Collagen at this parallel angle is invisible, unmeasurable and essentially not quantifiable. Moreover, because if its 3-D nature, no matter what angle you look at it, a substantial amount of the tissue will always be hidden.

How is collagen imaging done then? A tissue sample is placed into the new machine that completely rotates the sample while taking images at every angle. “We took our tissue and we put it in a tube so it’s just like this pen and we spun it so we get views at all different angles. We take a three-dimensional data set at each angle. So if we have a fiber that’s transparent, when we rotate it in this way, we can see [the fiber].”

Once the images are taken at every single angle, they are combined into one 3-D model using a complicated set of algorithms. This multidisciplinary project required collaboration from many departments. “There was engineering in making the mechanical structure to do this, but the equal challenge is the mathematical reconstruction where you take all of these images at all these different angles and put them back together. That’s a very serious challenge.”

“We’re going to improve our experimental aspects so we can get better resolution, but also we are going to improve our reconstruction algorithms. We’re starting those things now.” Campagnola added.

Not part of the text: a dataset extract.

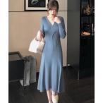 ワンピース レディース ドッキング カシュクール マーメイドニット ワンピース きれいめ フレア裾

“We have something that works, but it’s nowhere near optimal,” Campagnola admitted. “We have demonstrated proof of principle, but it may not be good enough for what we really want to do. We actually have a lot of work to do.”

Campagnola predicts that this technology will be implemented into a healthcare setting in just five to ten years from now.

This technology is not only a possible diagnostic tool for cancer and other collagen-related disease, but also a possible method of understanding countless other structures of the human body. Many other molecules have visibility as obscure as collagen. Machines such as the one that Campagnola helped develop can enhance our understanding of the human body and what optimal health looks like at a molecular level.